*Exercise directions:* Only the records, exactly as written, belong in the answer; pictures do not.

=-=-=

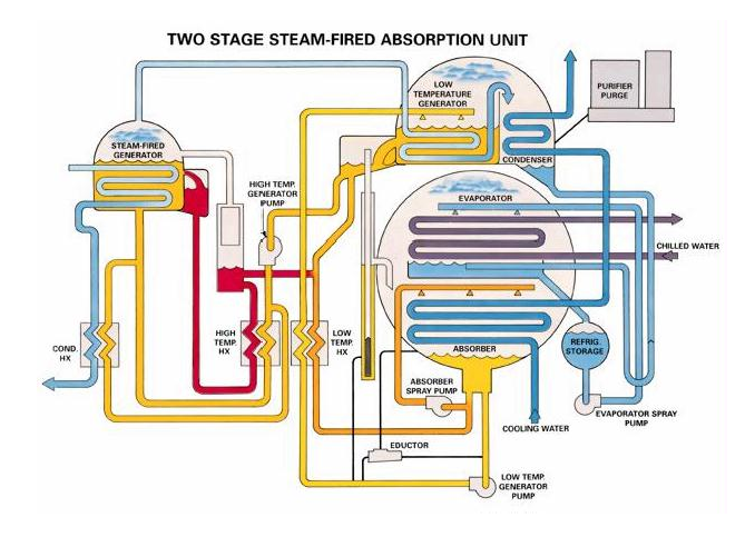 吸收式制冷系统或吸收式制冷机—吸收式冷水机利用过程工厂的余热生产冷冻水。通常使用纯水作为制冷剂,而溴化锂(LiBr)溶液作为吸收剂。吸收式制冷循环的一般步骤有:制冷剂蒸发、溴化锂吸收制冷剂蒸汽、利用余热再生溴化锂溶液、冷凝蒸气等。
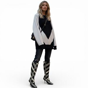 Alexander Wang Cotton Geometric Chevron Oversized Colorblock Sweater Knit Top L
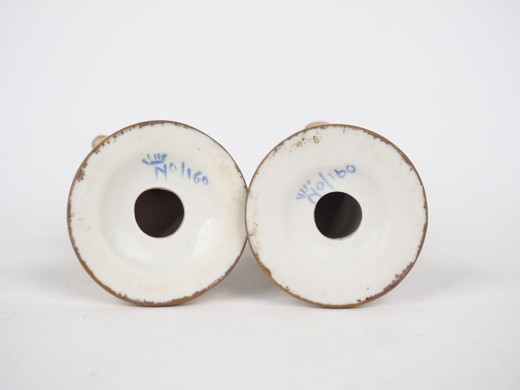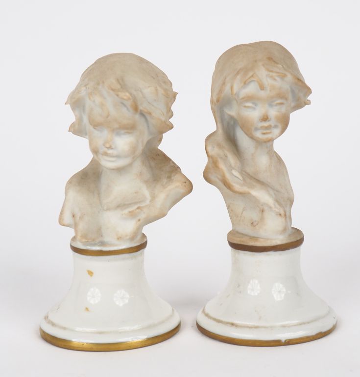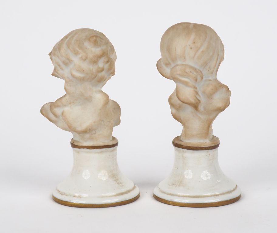 Paire de sujets en biscuit, "bustes d'enfants", sur des socles en porcelaine. Signée. H. 10 cm.
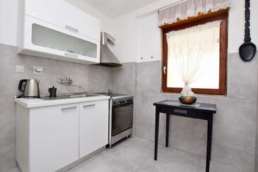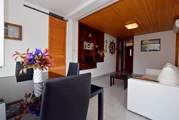 Ferienwohnung bietet Platz für 5 Gäste. Die Betten sind in Schlafzimmern, die es 2 gibt, und in Wohnzimmer, innerhalb einer Gesamtfläche von 60m2, angeordnet. Die Gäste haben eine eigene Terrasse zur Verfügung, auf der sie in warmen Sommernächten genießen können. Das Apartment bietet Meerblick. Es ist erlaubt, Speisen auf dem Gemeinschafts-Grill vorzubereiten.
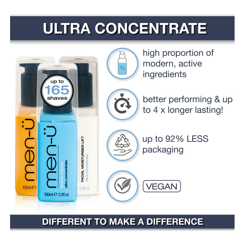 What are the benefits and features of men-ü Ultimate Shave / Skin Kit?- Shave Cream is packed with lubricants including silicone and moisturisers that create a smooth ride for the razor.
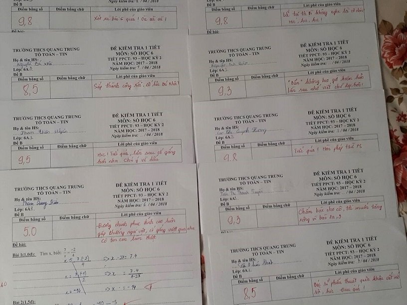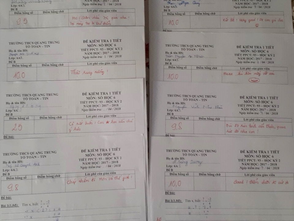 Không chỉ có điểm số hay những dòng lời phê cụt lủn, những bài kiểm tra từ cô giáo Huyền luôn kèm theo những dòng nhận xét ấn tượng, đầy cảm xúc và pha cả chút hài hước.
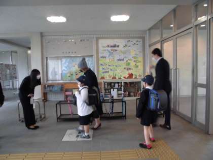 5月16日(土)に新1年生と保護者を迎えて入学オリエンテーションを行いました。校長先生から新1年生の担任の先生や関わりのある教職員の紹介をしていただきました。その後、1年生の教室に新1年生と保護者が一緒に行き、担任の先生と自分の席やロッカーの確認をすることができました。子どもたちは少し緊張している面持の中、マスクをしながらもしっかりとあいさつができ、ピカピカの教室や新しい机を見てとても嬉しそうにしていました。どのお子様も学校で勉強したり、友だちと遊んだりすることをとても楽しみにしている様子をうかがうことができました。
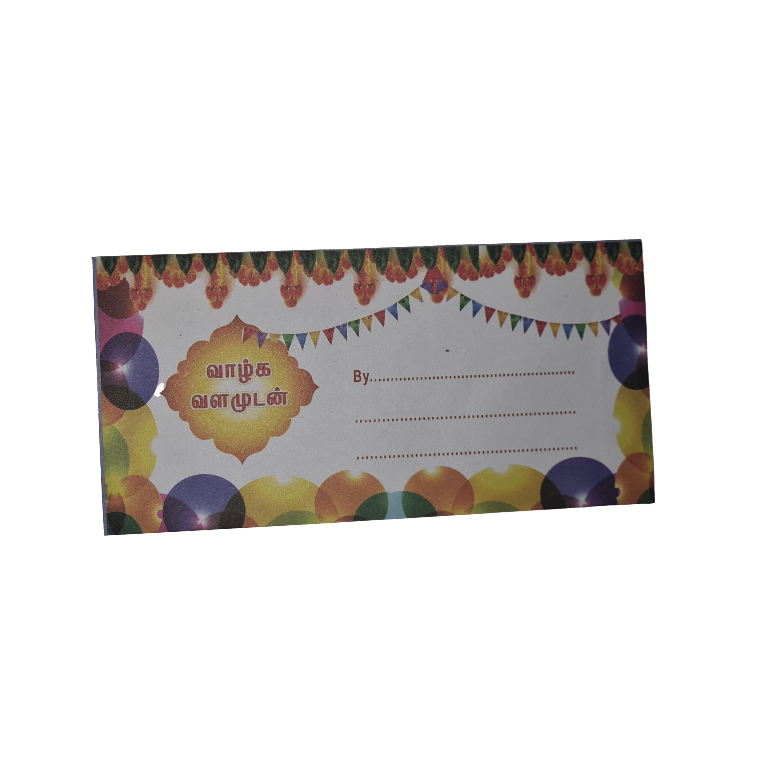 Celebrate every special moment with tradition and elegance! These thin paper gift envelopes are designed to suit all kinds of festivals – from Diwali to Pongal, Eid to Christmas, and even weddings or housewarming functions. Each envelope carries warm wishes beautifully printed in Tamil, adding a personal and cultural touch to your gifts.
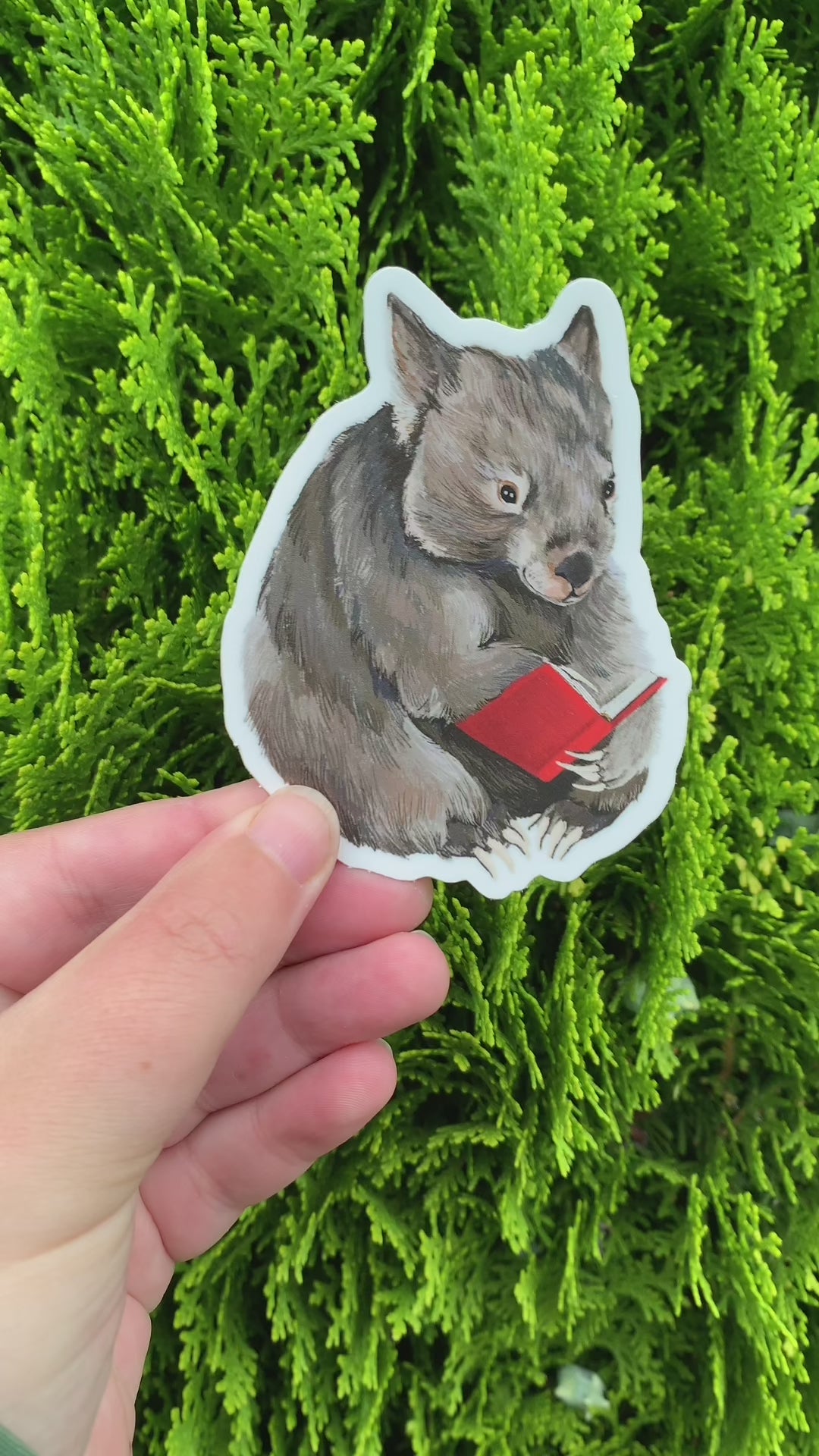 A weatherproof, scratch-resistant, illustrated matte vinyl sticker of a cosy wombat reading a book and wearing slippers.

=-=-=

*Answer to this task:*
 吸收式制冷系统或吸收式制冷机—吸收式冷水机利用过程工厂的余热生产冷冻水。通常使用纯水作为制冷剂,而溴化锂(LiBr)溶液作为吸收剂。吸收式制冷循环的一般步骤有:制冷剂蒸发、溴化锂吸收制冷剂蒸汽、利用余热再生溴化锂溶液、冷凝蒸气等。
 Alexander Wang Cotton Geometric Chevron Oversized Colorblock Sweater Knit Top L
 Paire de sujets en biscuit, "bustes d'enfants", sur des socles en porcelaine. Signée. H. 10 cm.
 Ferienwohnung bietet Platz für 5 Gäste. Die Betten sind in Schlafzimmern, die es 2 gibt, und in Wohnzimmer, innerhalb einer Gesamtfläche von 60m2, angeordnet. Die Gäste haben eine eigene Terrasse zur Verfügung, auf der sie in warmen Sommernächten genießen können. Das Apartment bietet Meerblick. Es ist erlaubt, Speisen auf dem Gemeinschafts-Grill vorzubereiten.
 What are the benefits and features of men-ü Ultimate Shave / Skin Kit?- Shave Cream is packed with lubricants including silicone and moisturisers that create a smooth ride for the razor.
 Không chỉ có điểm số hay những dòng lời phê cụt lủn, những bài kiểm tra từ cô giáo Huyền luôn kèm theo những dòng nhận xét ấn tượng, đầy cảm xúc và pha cả chút hài hước.
 5月16日(土)に新1年生と保護者を迎えて入学オリエンテーションを行いました。校長先生から新1年生の担任の先生や関わりのある教職員の紹介をしていただきました。その後、1年生の教室に新1年生と保護者が一緒に行き、担任の先生と自分の席やロッカーの確認をすることができました。子どもたちは少し緊張している面持の中、マスクをしながらもしっかりとあいさつができ、ピカピカの教室や新しい机を見てとても嬉しそうにしていました。どのお子様も学校で勉強したり、友だちと遊んだりすることをとても楽しみにしている様子をうかがうことができました。
 Celebrate every special moment with tradition and elegance! These thin paper gift envelopes are designed to suit all kinds of festivals – from Diwali to Pongal, Eid to Christmas, and even weddings or housewarming functions. Each envelope carries warm wishes beautifully printed in Tamil, adding a personal and cultural touch to your gifts.
 A weatherproof, scratch-resistant, illustrated matte vinyl sticker of a cosy wombat reading a book and wearing slippers.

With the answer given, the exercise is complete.